There are considerable benefits in using soft x-ray microbeams for both mechanistic and risk estimation end-points. The higher spatial resolution achievable with modern state-of-the-art x-ray optics elements combined with the localized damage produced by the absorption of low energy photons (~1 keV) represents a unique tool to investigate the radio-sensitivity of sub-cellular and eventually sub-nuclear targets. Also, since low-energy x rays undergo very little scattering, by using x rays with an energy of ~5 keV it will be possible to irradiate with micrometre precision individual cells and/or parts of cells up to a few hundred micrometres deep inside a tissue sample in order to investigate the relevance of effects such as the bystander effect in 3-D structured cell systems.

==Microbeam experiments==
RARAF is also a user facility for biologists interested in performing microbeam studies. The prominent theme of research undertaken using the RARAF microbeam is damage signal transduction, both within cells and between cells, which is of interest due in part to the discovery of the radiation-induced bystander effect. Early inter-cellular signal transduction studies were done with cells plated in 2D monolayers. More recently due to the significance of the extracellular environment and technological developments, studies involving 3D tissue systems, including living organisms, have become more common.
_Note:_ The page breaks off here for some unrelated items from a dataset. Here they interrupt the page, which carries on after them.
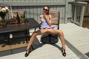 Allie Asia in Teen Dreams set Allie Asia On The Patio In Blue Bikini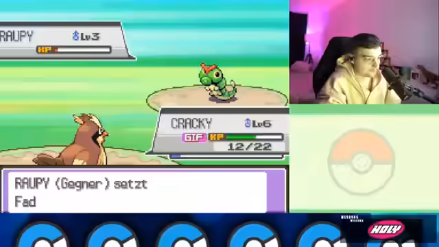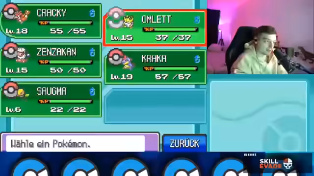 02:49:37Der Kampf gegen Arenaleiter Falk beginnt. Dieser drei Pokémon im Team hat, die alle vom Typ Käfer sind. Der Streamer ist nervös, aber sein überleveltes Team bewährt sich. Mit seinem Voltilam fängt er zwar einen vollständigen Knockout, aber Sanzakan, sein Geowatz, muss aufgrund eines Levelunterschieds kämpfen. Dank X-Treffern, die die Genauigkeit erhöhen, gewinnt auch Sanzakan seine Kämpfe, ohne dass ein Pokémon des Streamers stirbt. Er besiegt den Arenaleiter und erhält den ersten Orden.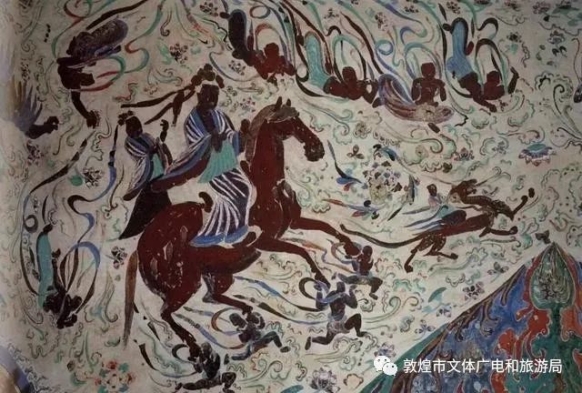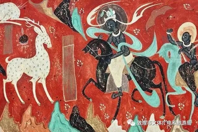 图中玄奘正带着白龙马、悟空去取经的路上,这幅壁画比吴承恩写《西游记》的时间早了三百年。

==Applications of Microfluidics==
RARAF is developing various microfluidic devices which add to the irradiation capabilities of the facility. The precision control and manipulation of fluids and biological materials afforded by microfluidics are ideal to interface with the microbeam. Additional microfluidic systems beyond those listed here are currently under development.

===Flow and Shoot===
The Flow and Shoot microbeam system allows for controlled transport of cells through a microfluidic channel which intersects with the point and shoot microbeam. A high speed camera allows for dynamic targeting of the flowing cells with flow rates of 1–10 mm/s, allowing for total throughput upwards of 100,000 cells per hour.

=== Optofluidic Cell Manipulation===
An optoelectronic tweezer platform has been interfaced with the RARAF microbeam. This allows precision manipulation of cell position before, during, and after irradiation.

=== Caenorhabditis elegans immobilization===
RARAF has implemented a microfluidic platform for the immobilization of Caenorhabditis elegans during microbeam irradiation. The device avoids the use of anesthetics that might interfere with normal physiological processes by capturing the C. elegans worms in tapered microfluidic channels. It is possible to target specific regions of interest within C. elegans using this technology.

==Other Technologies==
Broad beam irradiations are also possible. Particles with linear energy transfer (LET) between 10 and 200 keV/μm are available utilizing beams of protons, deuterons, helium-3, and helium-4 ions. Additionally, energetic and thermal neutrons and x rays can be used in broad beam irradiations.

==Training Scientists==
RARAF has trained scientists at all levels: high school students, undergraduates, graduate students, post docs, and senior scientists. The lab estimates that about 45 scientists have received training in microbeam physics and or biology in the past 5 years.

RARAF is an active participant in the Columbia University Research Experience for Undergraduates program.

In addition, RARAF has become a de facto training center for developers of new microbeams. A virtual microbeam training course, complete with videos and handouts, is also available online.